This could be due to having one or multiple outliers in the data.
boxplot(drugs$price_usd, main = "Boxplot of Drug Prices")
While the box plot doesn’t show any outliers, it doesn’t necessarily mean that the result from the regression analysis reflects the full picture. For more accurate price comparison, it may be better to compare drugs within the same classification or from the same manufacturers.
hist(drugs$price_usd, breaks=20, main="Price distribution in USD",
xlab = "Price", ylab= "Frequency")
The data shown in the histogram isn’t normally distributed, which limits our hypothesis testing methods to non-parametric tests.
table(drugs$drug_class)
##
## Analgesic Anti-inflammatory Antibiotic Antidepressant
## 126 158 143 156
## Antifungal Antihistamine Antipsychotic Antipyretic
## 144 143 147 134
## Antiviral Vaccine
## 141 144
boxplot(price_usd ~ drug_class, data = drugs, main = "Price by Drug Type", cex.axis=0.7, las=2)

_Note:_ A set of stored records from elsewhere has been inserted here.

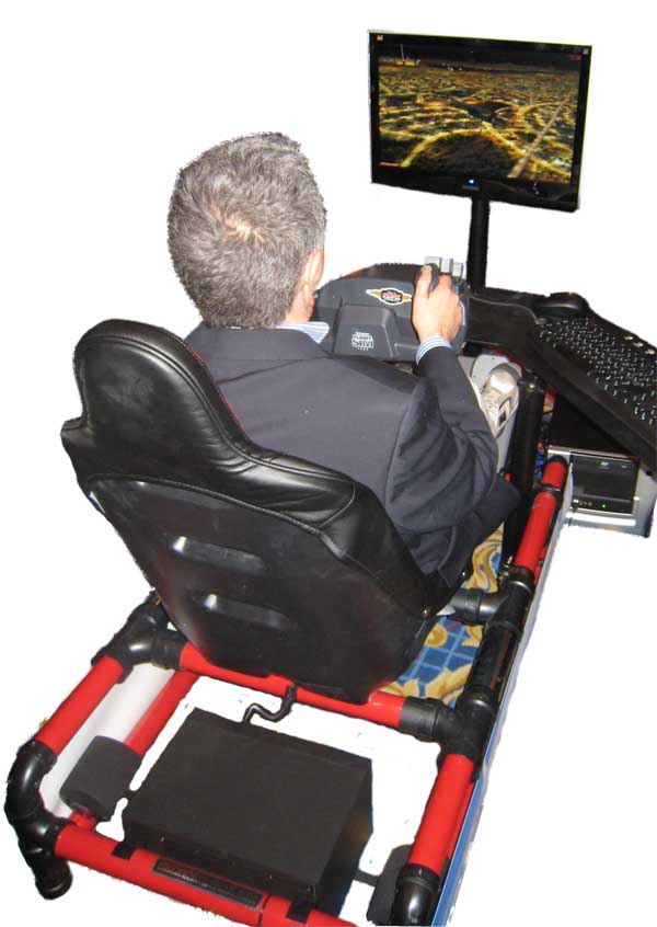 | Hotseat Flight Sim is the ultimate flight simulator or race car driver gamer. $3,954 gets you the PC, chair, 5.1 sound with subwoofer under your seat, Microsoft Flight Simulator 10, display, steering wheel and foot controls. |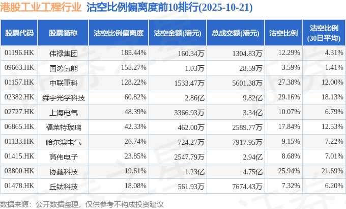 从沽空比例偏离度来看,伟禄集团、国鸿氢能、中联重科沽空比例偏离度位居行业前三,分别为185.44%、155.27%、128.22%。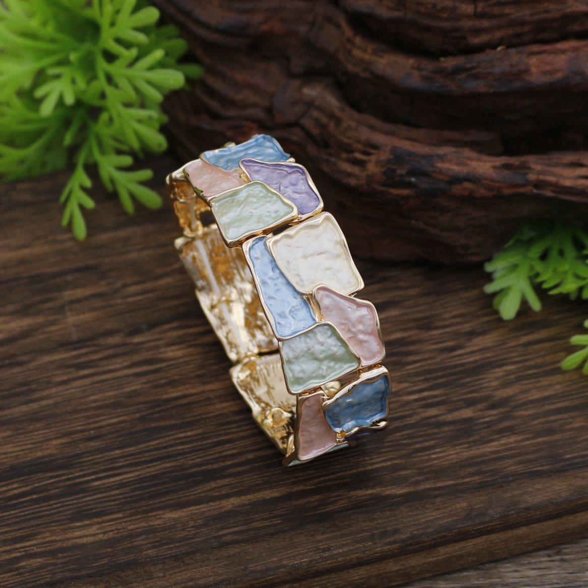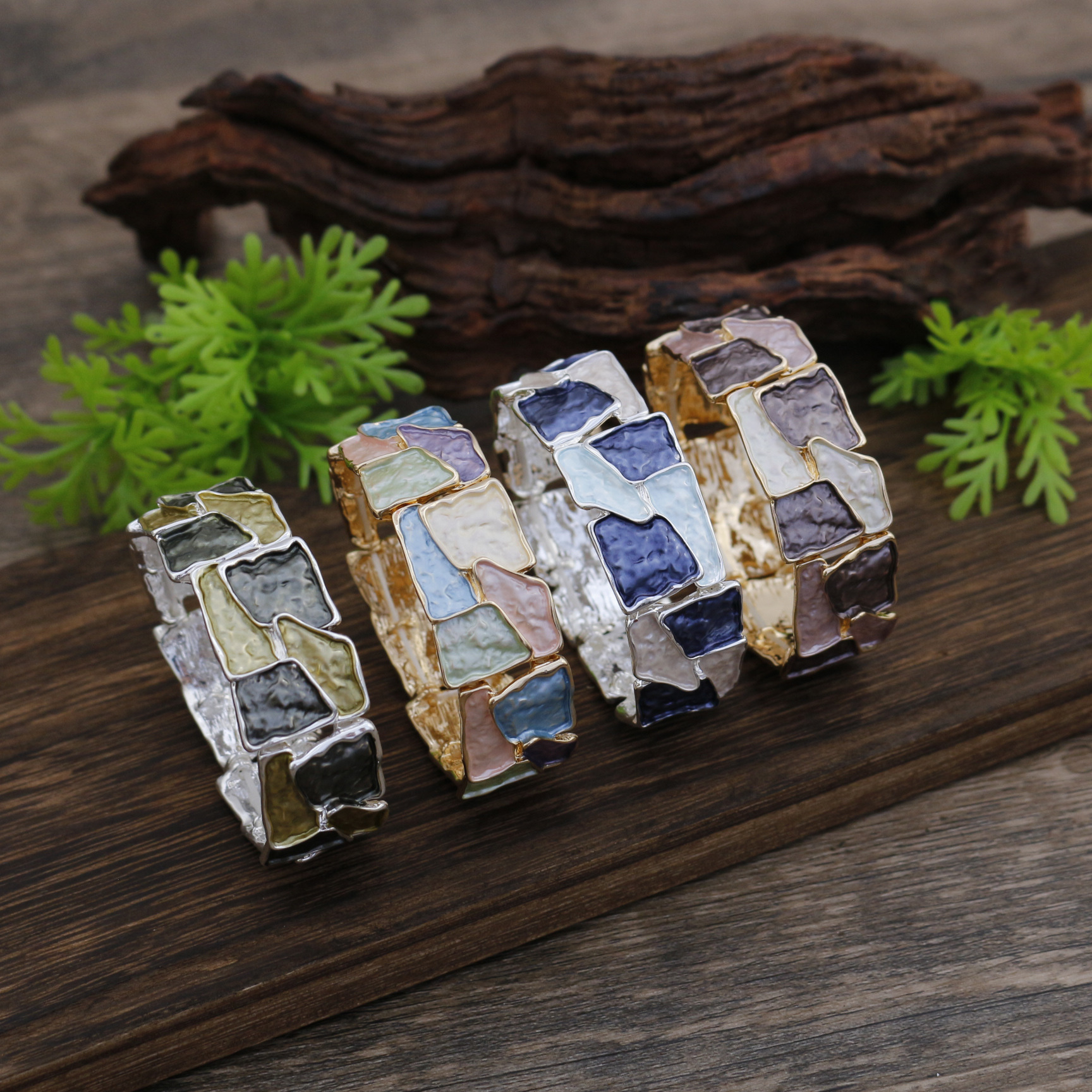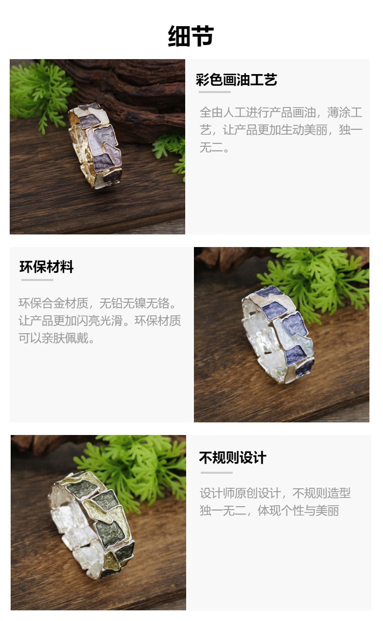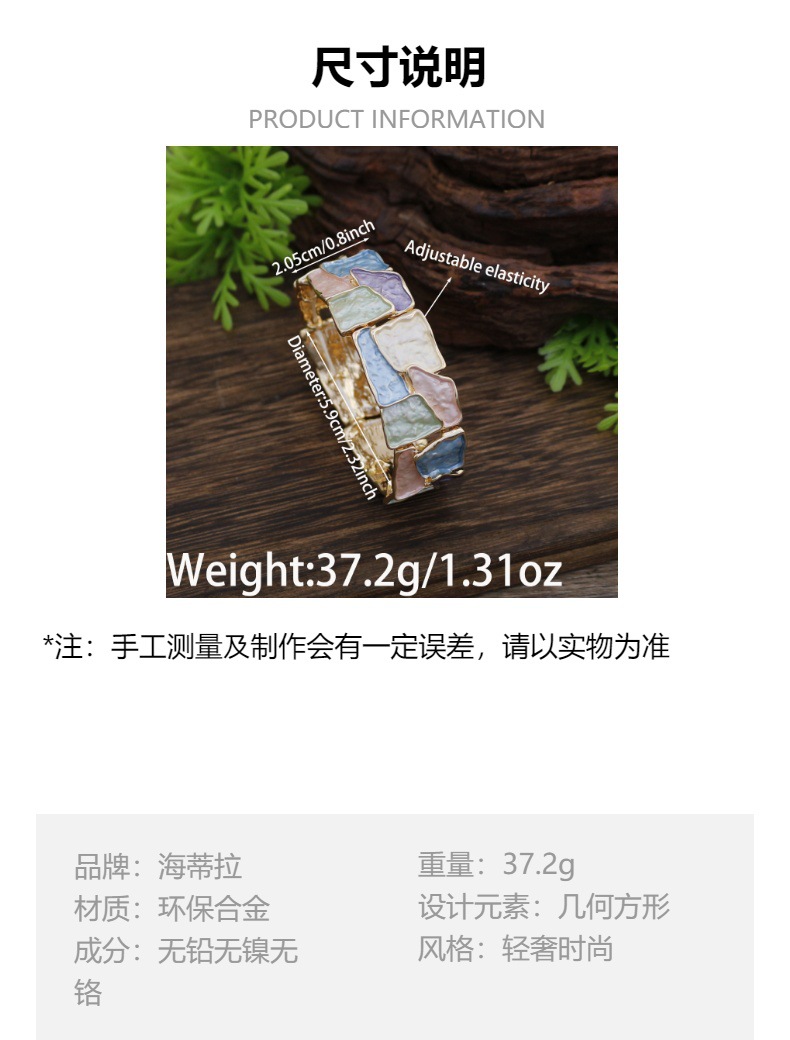 跨境新款珐琅彩不规则方块弹力手镯女士夸张创意方形几何弹力手镯 投诉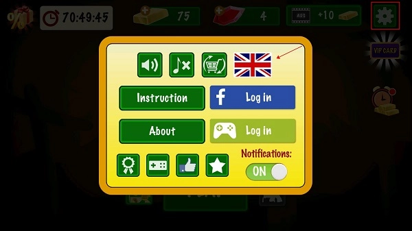 1. 进入游戏之后,点击右上角标有“齿轮”的位置,打开设置界面,从中找到国旗。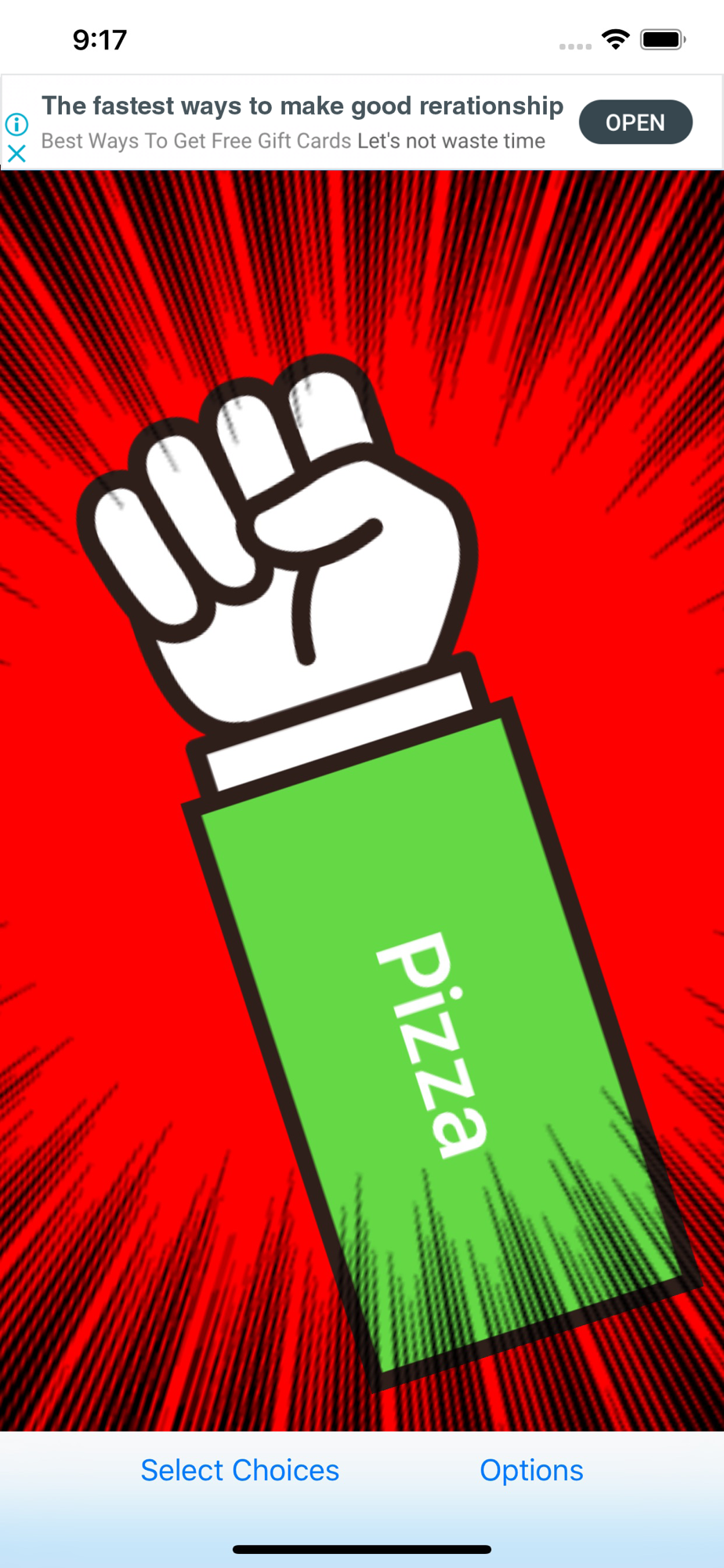 2. Touch the screen that shows cards with choices. Then the app starts Rock-Paper-Scissors automatically.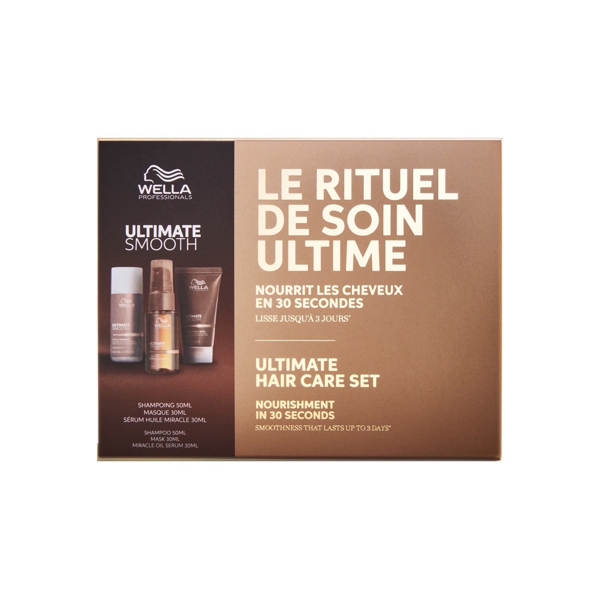 En utilisant la routine complète en 3 étapes, vos cheveux seront nourris et lissés après une seule utilisation pour un contrôle des frisottis jusqu'à 96 heures* . Le coffret est composé de :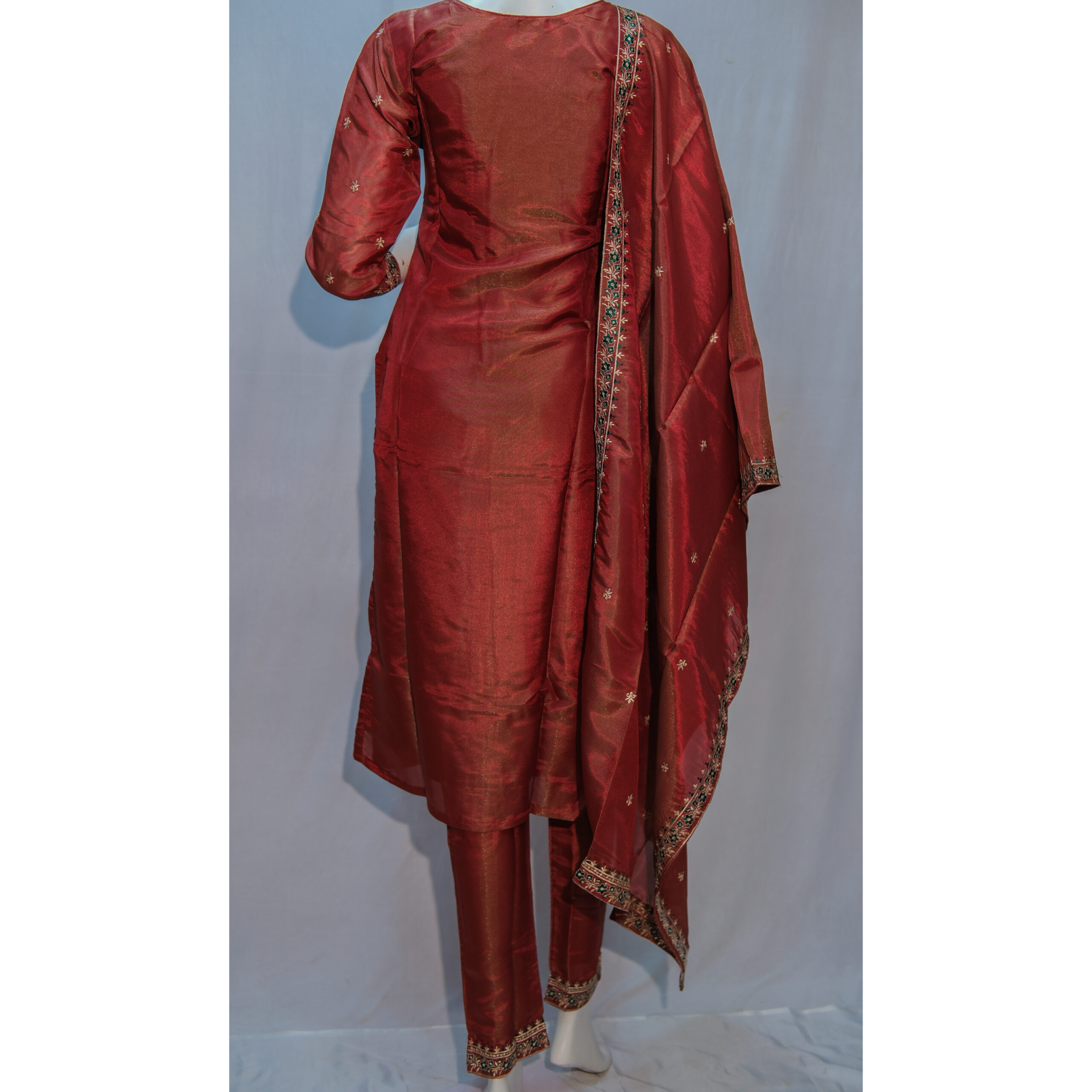 Radiate timeless charm with this exquisite Reddish Brown 3-Piece Churidar Set, crafted to bring together traditional elegance and modern sophistication. The set includes a gracefully tailored kurta, a coordinated churidar bottom, and a lightweight matching dupatta that completes your ethnic look.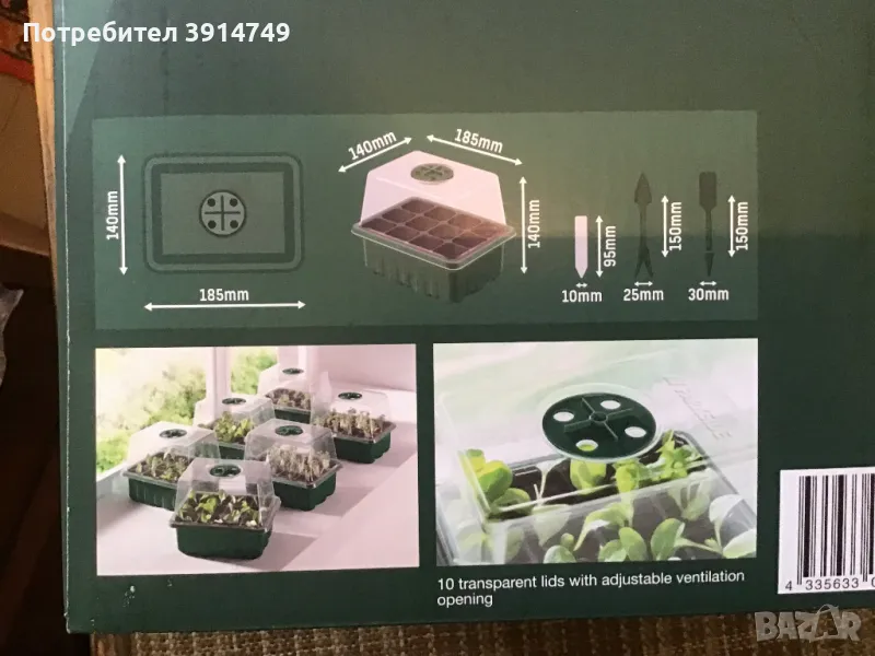 Комплект 10 разсадници / мини оранжерии за разсад, 12 гнезда, висок дишащ капак, НОВ → Обява 49501151
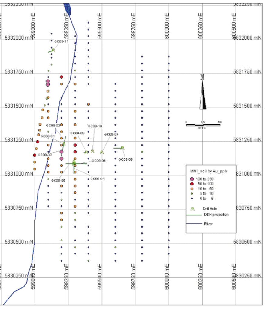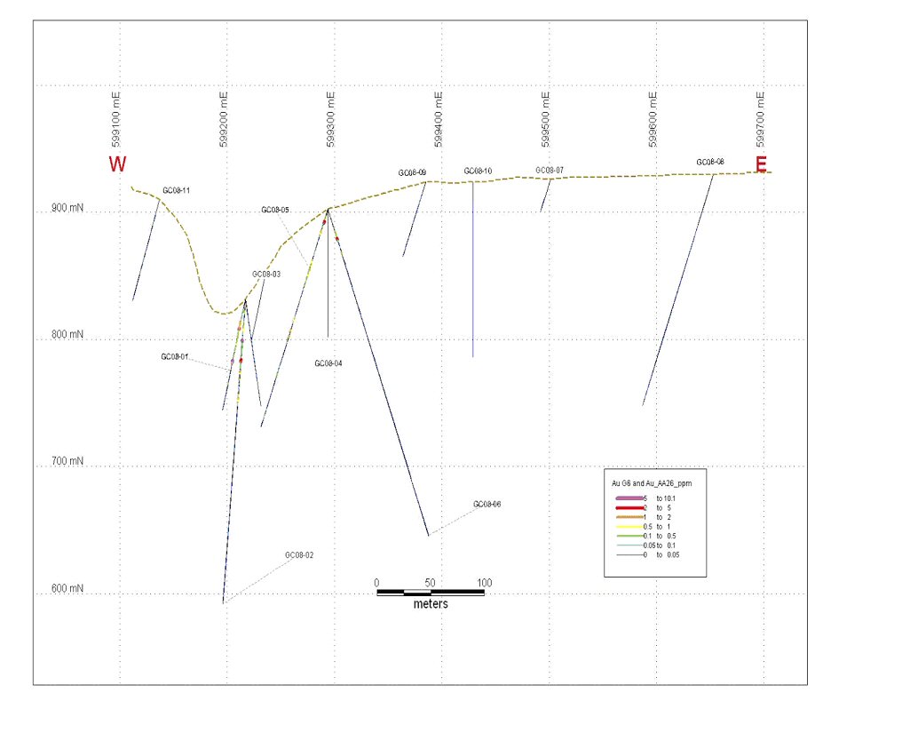Intersection Interval ---------------------------------------------------------------------------- Drill From To Length Au Hole ---------------------------------------------------------------------------- (m) (m) (m) g/t ---------------------------------------------------------------------------- GC08-01 Mineralized 10.34 96.02 85.68 0.551 Zone ---------------------------------------------------------------------------- Enriched 10.34 70.1 59.76 0.736 Zone ---------------------------------------------------------------------------- Includes 22.34 34.48 12.14 1.401 ---------------------------------------------------------------------------- Includes 64.01 70.1 6.09 2.615 ----------------------------------------------------------------------------

antidepressant <- drugs[drugs$drug_class == "Antidepressant",]
head(antidepressant)
## drug_name manufacturer approval_year drug_class
## 1 Seroxetine50 AstraZeneca 1996 Antidepressant
## 5 Amoxstatin62 Pfizer Inc. 2003 Antidepressant
## 17 Cefzole42 GlaxoSmithKline 1996 Antidepressant
## 32 Fenoparin78 Johnson & Johnson 2007 Antidepressant
## 40 Mecoprofen83 Johnson & Johnson 1999 Antidepressant
## 57 Daxomab70 Moderna Therapeutics 2009 Antidepressant
## indications side_effects dosage_mg
## 1 Allergy relief Fatigue, Nausea 260
## 5 Psychosis control Insomnia, Dry mouth, Fatigue 430
## 17 Pain relief Blurred vision 770
## 32 Allergy relief Fatigue 460
## 40 Pain relief Blurred vision, Nausea 50
## 57 Inflammation reduction Fatigue, Diarrhea 120
## administration_route contraindications warnings price_usd
## 1 Rectal Bleeding disorders Avoid alcohol 192.43
## 5 Topical Bleeding disorders Do not operate machinery 281.48
## 17 Rectal Asthma Take with food 85.40
## 32 Sublingual Asthma Do not operate machinery 451.54
## 40 Intramuscular Diabetes Avoid alcohol 369.83
## 57 Sublingual Diabetes Avoid sunlight exposure 41.95
## batch_number expiry_date side_effect_severity approval_status
## 1 MV388Pl 2026-11-29 Mild Pending
## 5 Fa621Sw 2027-12-28 Moderate Pending
## 17 JW654ck 2027-06-07 Severe Rejected
## 32 lR165PH 2027-11-28 Mild Approved
## 40 ZF007mi 2028-01-10 Mild Rejected
## 57 OW258yR 2027-01-06 Mild Rejected
antidepressant_1994_to_2004 <- antidepressant[antidepressant$approval_year >= 1994 & antidepressant$approval_year <= 2004,]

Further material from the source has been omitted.